Museo de Arte y Diseño Contemporáneo, San José, Costa Rica
September 17, 2015 – November 12, 2015

IMG_2258 credito Adriana Artavia

IMG_5348 Andrea Jacamo

MADC_Amorales_45 credito Nicole Alpizar

Throughout the years, Carlos Amorales’ practice has been characterised by an insaciable interest in drawing, approaching it through a great diversity of techniques, proceses, and scales. His drawings function as tools to investigate a series of omnipresent concerns in his work, in which his profound closeness to graphic arts (through the creation of posters, newspapers, prints, album covers, and numerous publications) and his great fascination for music in all of its genres and forms, stand out. Additionally, he has always been keen to collaborate with other musicians and artists. Specifically, there are two who stand out: Julián Lede, with whom he has worked in repeated occasions throughout his career, and Joaquin Orellana, with whom he has collaborated several times since they first met in Guatemala en el 2012.

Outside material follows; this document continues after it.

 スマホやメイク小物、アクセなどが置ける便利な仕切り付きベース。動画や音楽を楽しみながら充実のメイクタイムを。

Anti Tropicalia gathers various bodies of work that evidence Amorales’ long trajectory in the fine arts, and explore his zeal for drawing and music as working tools, and interest in generating individual and collaborative works. This exhibition presents two monumental drawings, Fax Mantra 05 and Fax Mantra 06 (realised for Manifesta 9, in 2012, using a printing machine that prints/draws with charcoals), ten large scale drawings of the Notations for the use of typography series (created by the artist in his studio in Mexico City in 2015), one hundred and thirty small scale drawings from the Havana Suite (realised for the most recent edition of the Havana Biennial in 2015), and a new monumental drawing installation that covers the museum’s walls. This latter one hasn’t been created using traditional working tools or cutting edge printers, but rather through ten 3D printed graphite sculptures in the shape of güiros (Latin-American percussion instruments consisting of an open-ended, hollow gourd with parallel notches cut in one side) that counteract their original form and use are alternatively used as drawing utensils.

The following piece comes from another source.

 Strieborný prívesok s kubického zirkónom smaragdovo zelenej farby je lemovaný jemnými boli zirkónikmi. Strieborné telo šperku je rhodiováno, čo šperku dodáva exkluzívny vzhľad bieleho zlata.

Also included in the show (and by sheer chance!) is a series of replicas of Joaquín Orellana’s útiles sonoros (sound utensils) that were constructed through instructions in 2012 in Costa Rica, as they were to be used for a two concert tour in his honour. Since then, the útiles sonoros had been poorly stored and were deteriorating in San José, until the day before the exhibition was due to open, and when they were shown to us. After finding them covered in spiderwebs and moths, we immediately decided to take them to the Museum, where we cleaned them up and put them in conversation with the other works in the show.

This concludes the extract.